Weekly excess rentals
Secondly, we look at the weekly average rentals. Again we calculate the expected rentals per week using the average per month from 2016-2019. However, this time we calculate the percentage difference between the actual weekly rentals and what was expected instead of the total rentals.
In addition, we shade the graph background to signal the different quarters of a year using the geom_rect() function. As before we again use the geom_ribbon() to shade the area red or green depending if the given week exceeded or fell short of the expected bike rentals. To facilitate readability, we also add the colored dashed at the x-axis to indicate whether a specific week had excess or shortage of demand using the geom_rug() function.
# Calculate weekly bike change average
weekly_expected_rentals <- bike %>%
filter(year %in% c(2016,2017,2018,2019)) %>%
group_by(week) %>%
summarize(expected_rentals=mean(bikes_hired))
# Calculate actual weekly bike change average
weekly_actual_rentals <- bike %>%
filter(year %in% c(2016,2017,2018,2019,2020,2021)) %>%
group_by(year, week) %>%
summarize(actual_rentals=mean(bikes_hired))
## `summarise()` has grouped output by 'year'. You can override using the `.groups` argument.

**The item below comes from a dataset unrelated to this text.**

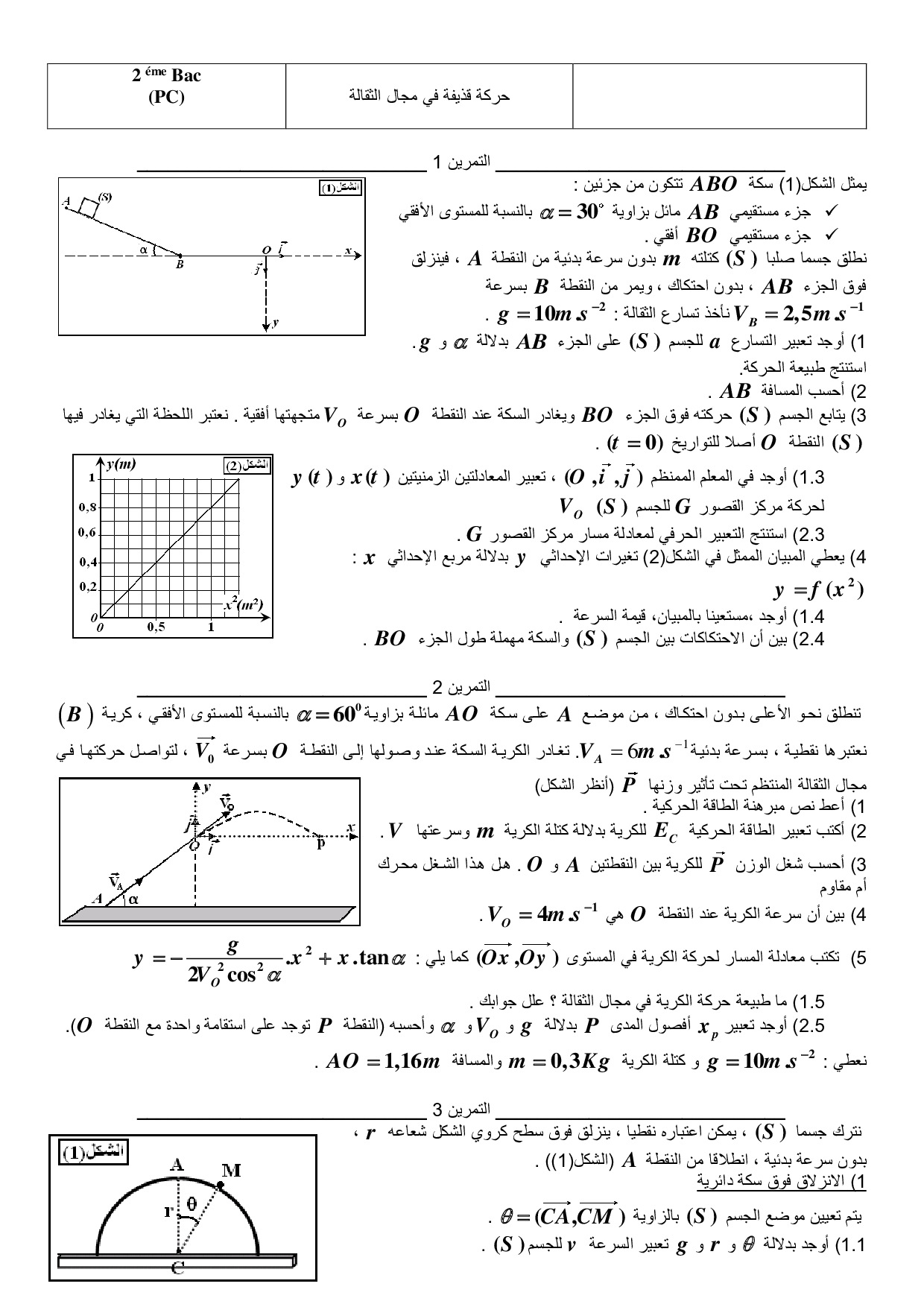 حركة قذيفة في مجال الثقالة المنتظم - تمارين غير محلولة 1

df1 <- inner_join(weekly_expected_rentals, weekly_actual_rentals) %>%
mutate(change = 100 * (actual_rentals - expected_rentals) / expected_rentals,
up = case_when(change > 0
~ change,
change <= 0
~ 0),
down = case_when(change > 0
~ 0,
change <= 0
~ change),
type = case_when(down == 0 ~ "up",
up == 0 ~ "down"))
## Joining, by = "week"
# Create the graph
ggplot(df1[1:292,], aes(week, change, group=1)) +
#Create gray background
geom_rect(aes(xmin=13,xmax=26),
ymin=-Inf,ymax=Inf, fill="#E5E7E9", alpha=0.035) +
geom_rect(aes(xmin=39,xmax=53),
ymin=-Inf,ymax=Inf, fill="#E5E7E9", alpha=0.035) +
geom_line() +
#Create filling between graph
geom_ribbon(aes(ymin=0,ymax=up),fill="#7DCD85",alpha=0.4) +
geom_ribbon(aes(ymin=0,ymax=down),fill="#CB454A",alpha=0.4) +
#Create tickmarks at the side and set their color
geom_rug(aes(color=type), sides = "b",
length = unit(0.04, "npc"), show.legend = FALSE) +
scale_color_manual(values = c("#CB454A", "#7DCD85"))+
#Facet, change theme and set scale
facet_wrap(~year) +
theme_minimal() +
scale_y_continuous(labels = c("-50%","0%","50%","100%")) +
scale_x_continuous(breaks = c(13,26,39,53),
labels = c("13","26","39","53")) +
#Label graph
labs(
title = "Weekly changes in TfL bike rentals",
subtitle = "%change from weekly averages
calculated between 2016-2019",
caption = "Source: TfL, London Data Store",
x = "week",
y = "") +
NULL

Observations
This graph makes it easy to see how much bike rentals fluctuate from the expected weekly over time. Especially year 2020 appears to deviate quite a lot from the average. In a few weeks, the bike rentals fell very short of what was expected. This time period from approximately calendar week 10 to 20 corresponds to the first lock down period of the Covid-19 pandemic. Given that most people stayed at home, it makes sense that people were reluctant to rent bikes. Then over the summer, as regulations loosened, many people were interested in spending time outside and a bike ride of course would be considered safer than taking the bus or the tube when looking at the risk of potential infections, so actual rentals actually exceeded expected rentals.